Exercise goal
Please give the whole listing again word for word, and drop any pictures it holds.
Top of Collected material
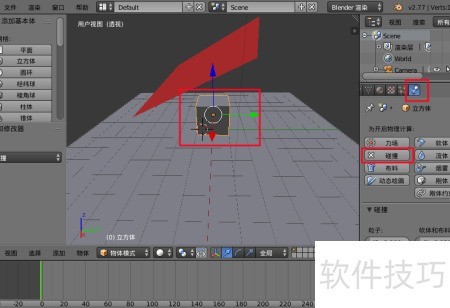 9、 选取立方体,在右侧属性栏中点击物理选项。
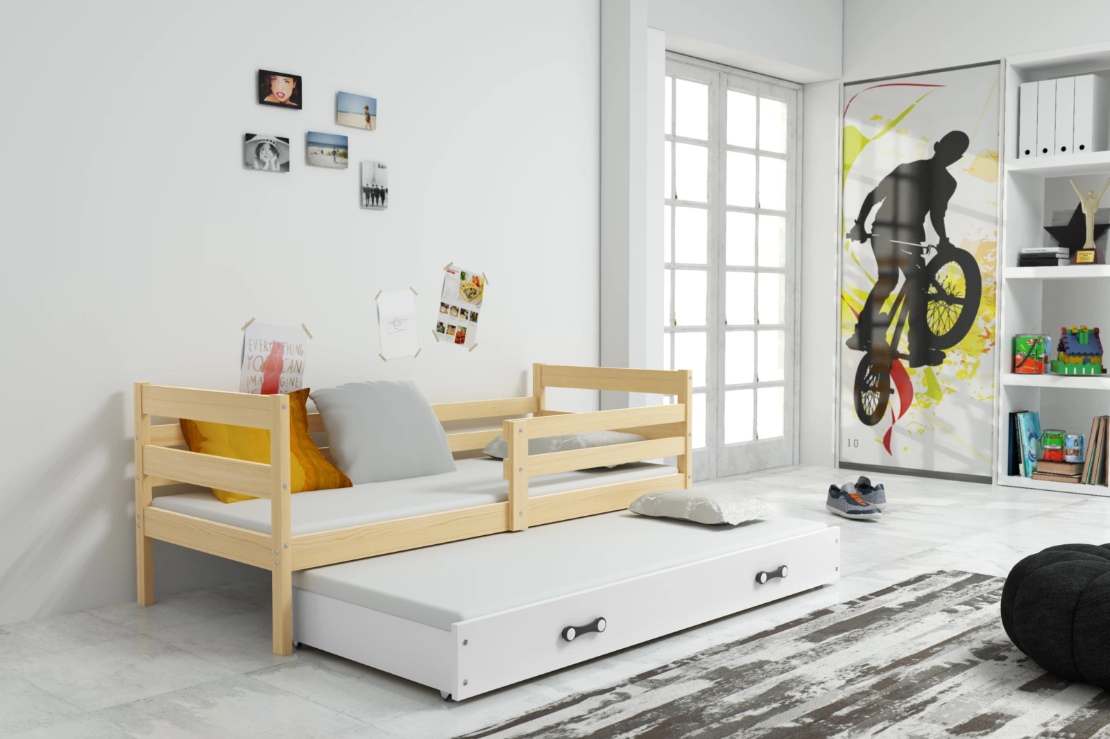 Výsuvná posteľ pre mladých ERYK 80X190 s matracom a zásuvkou, borovicová/biela
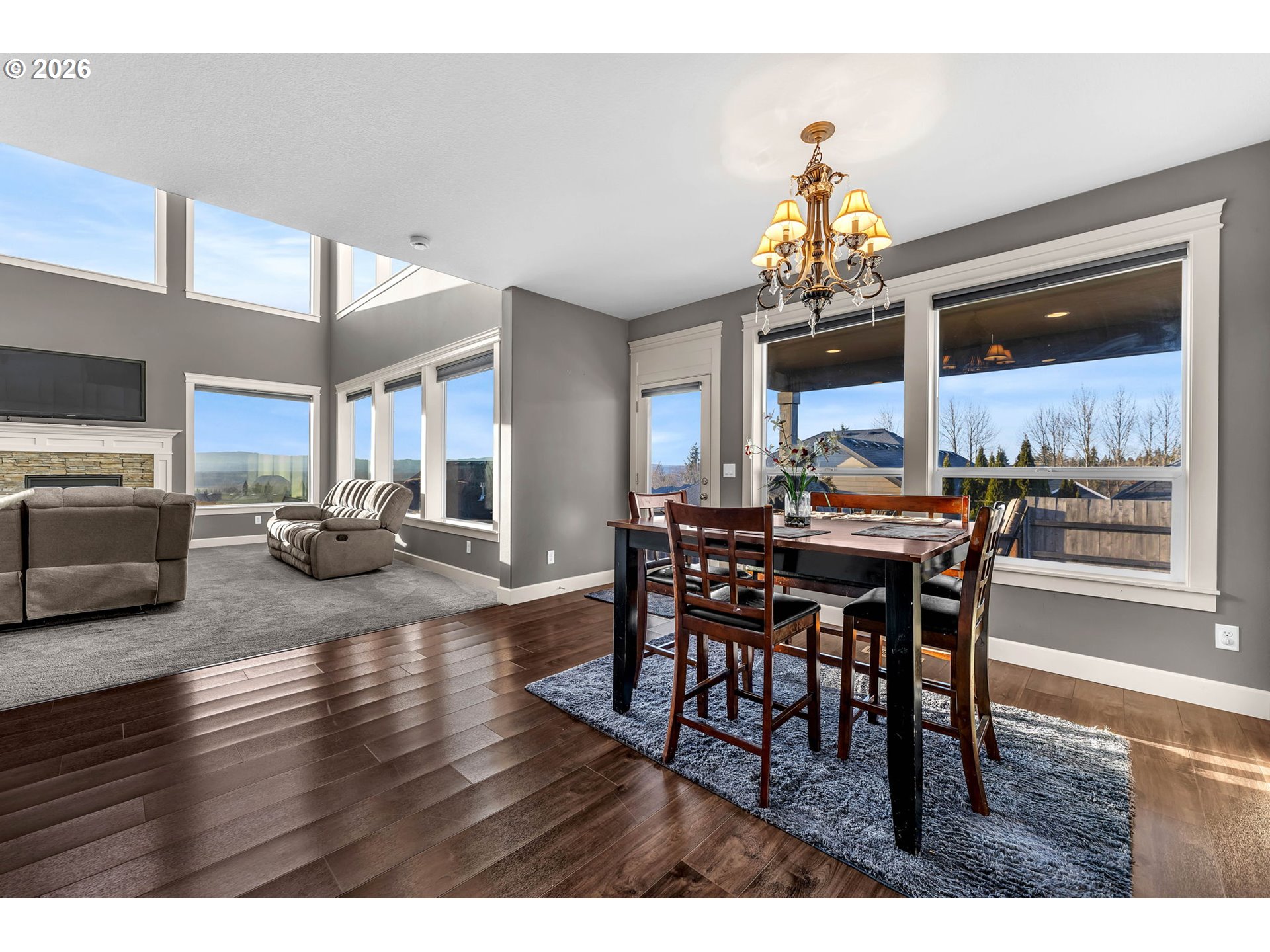 - Heron Ridge custom home with instant curb appeal and an unforgettable interior, highlighted by two dramatic walls of windows that define the grand living room, filling the space with natural light, scenic views, and a striking stone fireplace. The main level is finished with gorgeous, low-maintenance luxury vinyl plank flooring, plush carpet, sophisticated color palettes, and thoughtful upgrades throughout. The expansive gourmet kitchen serves as the heart of the home, showcasing granite countertops, stainless appliances, full-height cabinetry, gas cooking, a pantry, abundant prep space, an inviting eating bar ideal for gathering, and the added convenience of all appliances included. A spacious room just off the kitchen offers flexible use as a family room, playroom, or additional living space, while a convenient mudroom and a versatile office or main-level bedroom near the entry add everyday functionality. Upstairs, take in even more scenic views, including from the spacious owner’s suite with tray ceiling and picture windows, complemented by a spa-inspired ensuite featuring dual sinks, a soaking tub, walk-in shower, and a large walk-in closet. Two additional bedrooms and an oversized laundry room with sink, built-ins, and washer and dryer included complete the upper level. Outdoors, meticulously maintained landscaping, a covered deck with beautiful views, and ample room to play or unwind create a seamless extension of the home’s polished yet comfortable lifestyle. Don’t Miss This One – Schedule Your Showing Today!
Bottom of Collected material
Task answer
 9、 选取立方体,在右侧属性栏中点击物理选项。
 Výsuvná posteľ pre mladých ERYK 80X190 s matracom a zásuvkou, borovicová/biela
 - Heron Ridge custom home with instant curb appeal and an unforgettable interior, highlighted by two dramatic walls of windows that define the grand living room, filling the space with natural light, scenic views, and a striking stone fireplace. The main level is finished with gorgeous, low-maintenance luxury vinyl plank flooring, plush carpet, sophisticated color palettes, and thoughtful upgrades throughout. The expansive gourmet kitchen serves as the heart of the home, showcasing granite countertops, stainless appliances, full-height cabinetry, gas cooking, a pantry, abundant prep space, an inviting eating bar ideal for gathering, and the added convenience of all appliances included. A spacious room just off the kitchen offers flexible use as a family room, playroom, or additional living space, while a convenient mudroom and a versatile office or main-level bedroom near the entry add everyday functionality. Upstairs, take in even more scenic views, including from the spacious owner’s suite with tray ceiling and picture windows, complemented by a spa-inspired ensuite featuring dual sinks, a soaking tub, walk-in shower, and a large walk-in closet. Two additional bedrooms and an oversized laundry room with sink, built-ins, and washer and dryer included complete the upper level. Outdoors, meticulously maintained landscaping, a covered deck with beautiful views, and ample room to play or unwind create a seamless extension of the home’s polished yet comfortable lifestyle. Don’t Miss This One – Schedule Your Showing Today!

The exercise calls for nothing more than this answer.